TASK OBJECTIVE: All of the data must be written out verbatim, with pictures excluded.

PROVIDED DATA:
────────────────
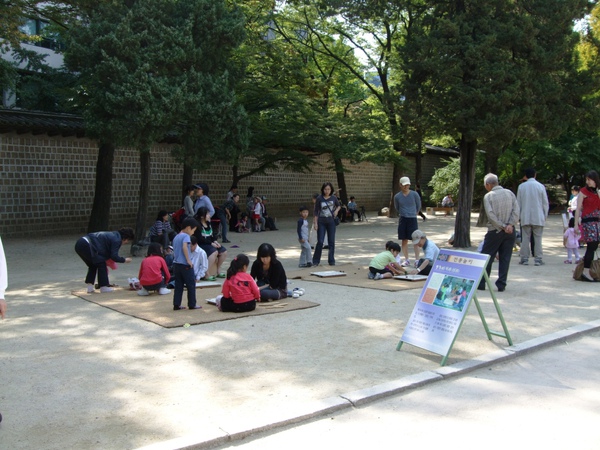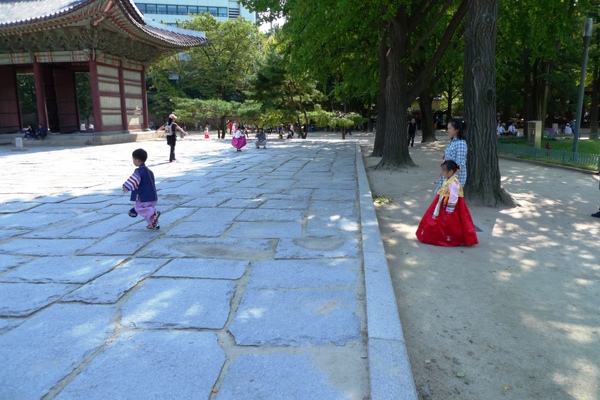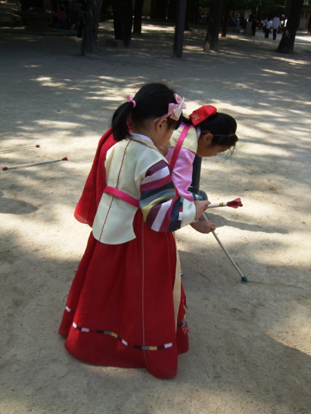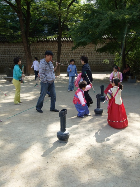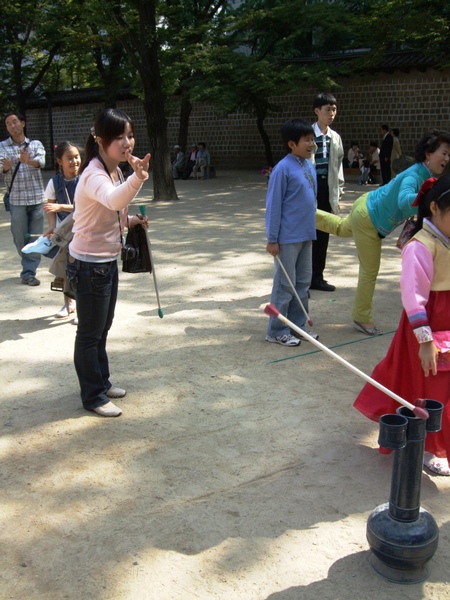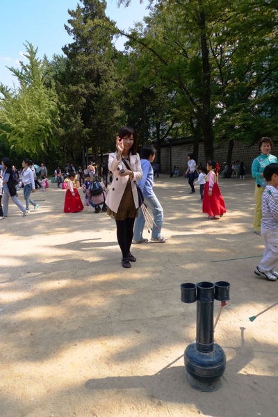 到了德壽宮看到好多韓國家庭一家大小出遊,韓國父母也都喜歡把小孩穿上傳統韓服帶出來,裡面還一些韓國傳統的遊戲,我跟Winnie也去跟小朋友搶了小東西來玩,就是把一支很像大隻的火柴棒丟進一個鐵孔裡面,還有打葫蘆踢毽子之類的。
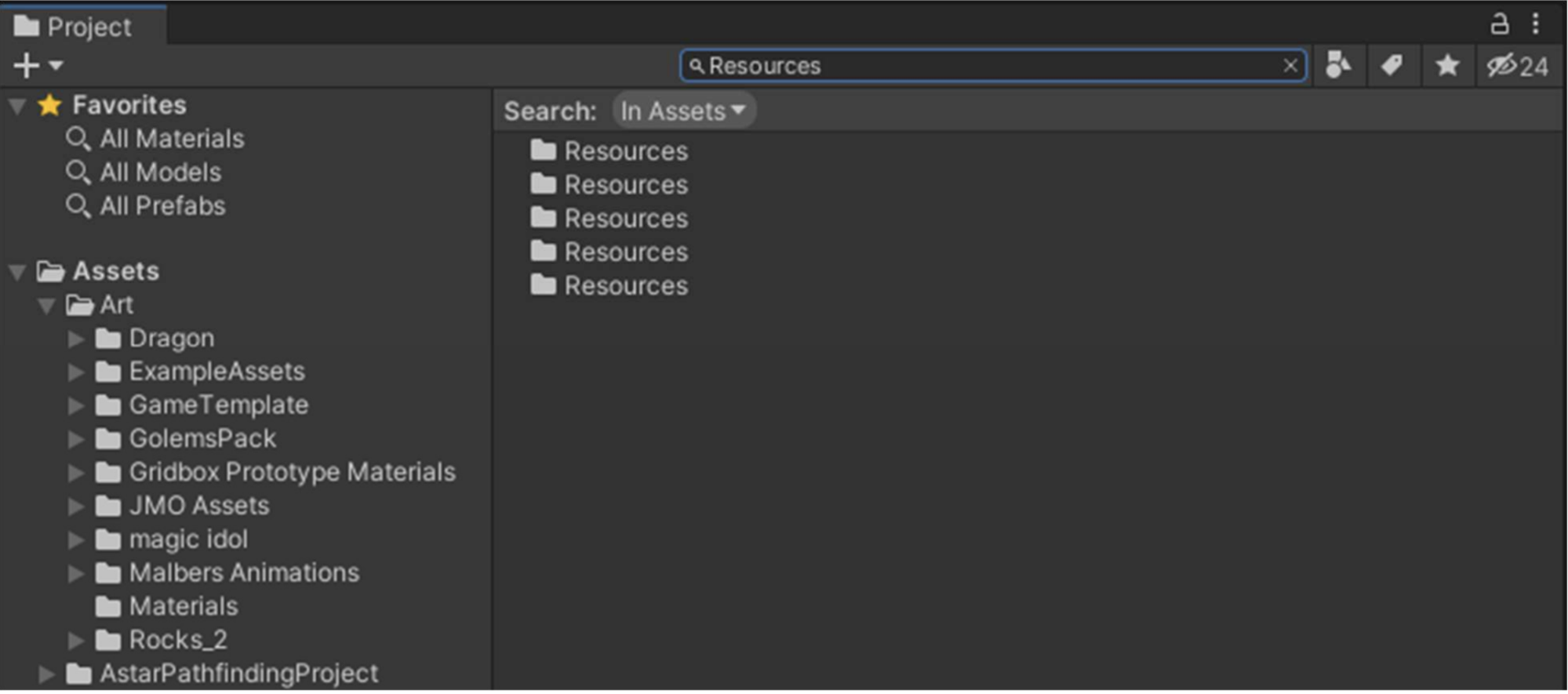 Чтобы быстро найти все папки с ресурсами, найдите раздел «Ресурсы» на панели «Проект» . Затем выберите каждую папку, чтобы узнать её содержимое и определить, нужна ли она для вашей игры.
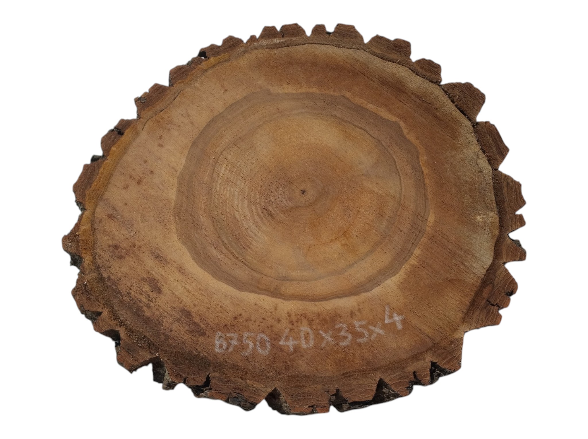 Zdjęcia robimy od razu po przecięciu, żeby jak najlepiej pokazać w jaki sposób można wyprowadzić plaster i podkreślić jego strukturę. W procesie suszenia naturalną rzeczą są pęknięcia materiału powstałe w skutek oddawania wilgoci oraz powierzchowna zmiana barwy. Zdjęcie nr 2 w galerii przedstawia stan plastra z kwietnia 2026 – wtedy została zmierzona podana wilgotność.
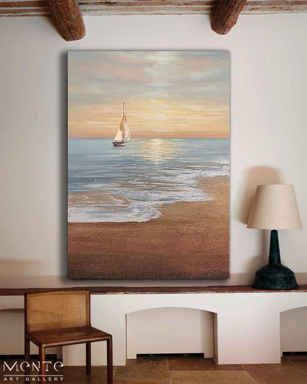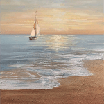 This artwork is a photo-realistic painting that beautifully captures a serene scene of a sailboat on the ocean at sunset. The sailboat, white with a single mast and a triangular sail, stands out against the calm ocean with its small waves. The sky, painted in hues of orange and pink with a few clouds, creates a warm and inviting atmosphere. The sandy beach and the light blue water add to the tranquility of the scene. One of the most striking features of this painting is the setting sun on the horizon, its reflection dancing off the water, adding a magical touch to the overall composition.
────────────────
REPLY:
 到了德壽宮看到好多韓國家庭一家大小出遊,韓國父母也都喜歡把小孩穿上傳統韓服帶出來,裡面還一些韓國傳統的遊戲,我跟Winnie也去跟小朋友搶了小東西來玩,就是把一支很像大隻的火柴棒丟進一個鐵孔裡面,還有打葫蘆踢毽子之類的。
 Чтобы быстро найти все папки с ресурсами, найдите раздел «Ресурсы» на панели «Проект» . Затем выберите каждую папку, чтобы узнать её содержимое и определить, нужна ли она для вашей игры.
 Zdjęcia robimy od razu po przecięciu, żeby jak najlepiej pokazać w jaki sposób można wyprowadzić plaster i podkreślić jego strukturę. W procesie suszenia naturalną rzeczą są pęknięcia materiału powstałe w skutek oddawania wilgoci oraz powierzchowna zmiana barwy. Zdjęcie nr 2 w galerii przedstawia stan plastra z kwietnia 2026 – wtedy została zmierzona podana wilgotność.
 This artwork is a photo-realistic painting that beautifully captures a serene scene of a sailboat on the ocean at sunset. The sailboat, white with a single mast and a triangular sail, stands out against the calm ocean with its small waves. The sky, painted in hues of orange and pink with a few clouds, creates a warm and inviting atmosphere. The sandy beach and the light blue water add to the tranquility of the scene. One of the most striking features of this painting is the setting sun on the horizon, its reflection dancing off the water, adding a magical touch to the overall composition.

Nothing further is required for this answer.